И тут церковный начальник, архиепископ, вдруг говорит Татьяне:
— Оставь обоих, и купца и попа, и полюби меня: я дам тебе триста рублей.
Услыхала Татьяна такие слова от архиепископа и в удивлении спрашивает:
— О мудрый святитель! Как же я могу избегнуть наказания божьего, если при живом муже другого полюблю?
А архиепископ отвечает ей:
— Я тебе отпущу все грехи.
Тогда Татьяна сказала архиепископу, чтобы он пришел к ней на следующий день в пятом часу дня. Затем пошла она к своему духовнику и сказала ему, чтобы он был у нее в шестом часу. Потом пошла к другу мужа своего Афанасию Бердову и сказала ему:
— Приходи ко мне в седьмом часу.
И вот пришел к Татьяне архиепископ. Она приняла его со всеми почестями, и он отдал ей триста рублей денег. А она взяла их и говорит ему:
— Нужно тебе одеться в одежду самую ветхую. Ведь бог все знает и все видит, узнает тебя по твоей богатой рясе и накажет за то, что ты подбиваешь меня на недоброе.

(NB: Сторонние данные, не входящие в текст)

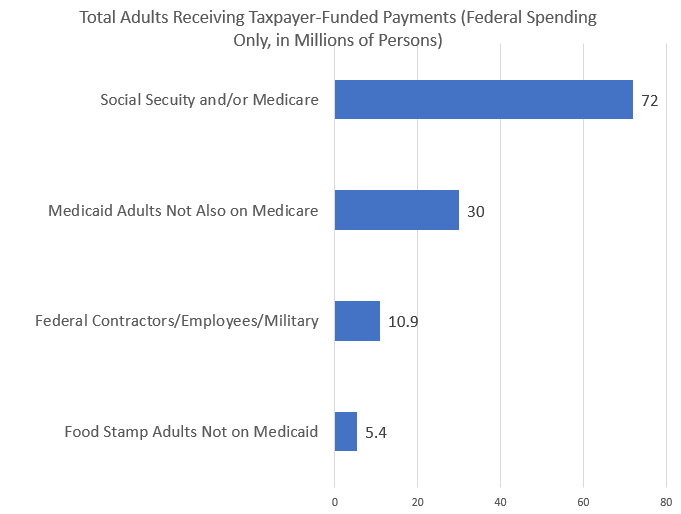 Sure, many contractors and federal employees will tell you that they aren’t in the same category as welfare recipients because they “work.” But from the point of view of tax transfers and fiscal policy, there is no difference at all. The issue here isn’t morality or virtue or whether or not someone “deserves” his tax-funded check. We’re simply pointing out the millions of Americans whose income is based on a forcible transfer of wealth from the taxpayers to the recipients’ pocket.

Архиепископ на то ответил ей:
— Но у меня нет с собой никакой другой одежды, кроме рясы, что на мне. Разве ты мне дашь какую ни на есть одежду?
Татьяна дала ему свою женскую сорочку, которую сама носила.
— Кроме этой одежды, нет у меня в доме сейчас иной, так как отдала я прачке ту, что муж мой носил.
В то время, когда она так говорила, подошел к воротам ее духовник с двумястами рублями денег и постучался в ворота. Татьяна услыхала стук, посмотрела в окошко, всплеснула руками и говорит:
— О великая, безмерная радость!
А архиепископ и спрашивает:
— Что ты, госпожа, какой радостью одержима?
— Это, наверное, мой муж с торговли вернулся! — отвечает Татьяна.
— Госпожа моя, куда же деться мне? Ведь разгневается твой муж, узнав, что я тебя разлюбить его уговаривал, — сказал в страхе архиепископ.
— А ты, господин мой, иди в сундук и сиди там, пока я в удобное время тебя не выпущу, — ответила Татьяна.
Архиепископ быстро спрятался в сундук, и Татьяна замкнула его. И тут взошел на крыльцо поп. Татьяна встретила его. Он отдал ей двести рублей и стал вести с ней любезный разговор. Но вот уж у ворот и купец Афанасий Бердов. Начал он стучаться в ворота. Татьяна подскочила быстро к окошку, посмотрела в него, увидала купца, всплеснула руками.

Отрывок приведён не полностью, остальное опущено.